4. Be Pro-active and Take Control to Reduce Cancer Risk

  • Know your family history and risks.
  • Know your body to recognise changes, seek professional medical consultation if symptoms persist.
  • Do regular self-examination for  breast, testicular and skin cancers.
  • Have regular check-ups and screening tests for cancer.
  • Vaccinate with hepatitis B and Human Papilloma Virus vaccines to reduce the risk of liver and cervical cancer.

5. Keep Food Safe

Unsafe food can lead to a range of health problems: diarrhoea, viral disease, reproductive and developmental problems and cancers. So food safety is essential for food security.

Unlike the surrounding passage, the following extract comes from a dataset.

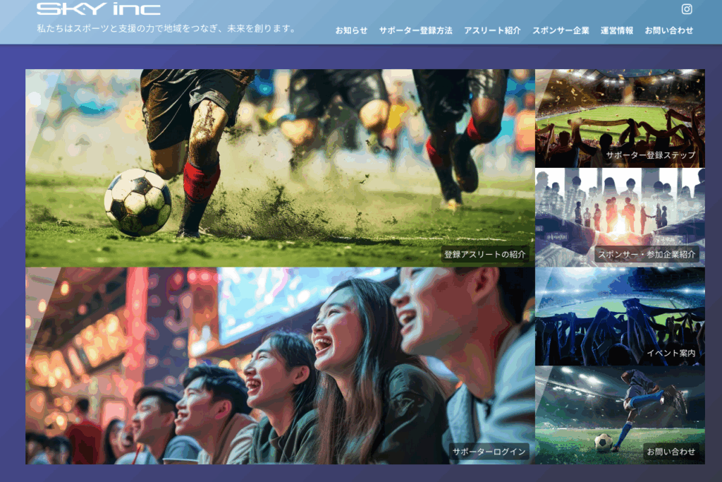 S-K-Yオフィシャルサイト、アスリートとサポータを繋げるオンラインサロンプロジェクトにおけるよりよい環境を提供させていただくべく既存サイトの完全リニューアルを行いました。

  • Always wash your hands and sanitise surfaces when handling food.
  • Separate raw and cooked foods when storing in the refrigerator.
  • Keep food at a safe temperature.
  • Use safe water and always check expiry dates on bottled water.
  • Reheat cooked food thoroughly.
  • Cook food well, especially seafood and chicken.


 Important Message:

When a cancer is detected at an early stage, there is a much better chance of successful treatment. Cancer in children can be cured in more than 70% of cases if it is diagnosed in time. Depending on the type of cancer and stage of detection, the cure rate in adults is 40% at present. It is for this reason that Western Cape Department of Health offers free screening tests at local clinics. This includes cervical smears, breast examinations, and mammograms. Some of the symptoms to look out for are weight loss for no reason, lumps and changes in the digestive system. Some of the most common cancers are preventable by changing your life style. That is why the Western Cape Department of Health aims to create a healthier society through the promotion of a healthy lifestyle. This includes regular exercise and healthy eating habits, to stop smoking and limit alcohol use.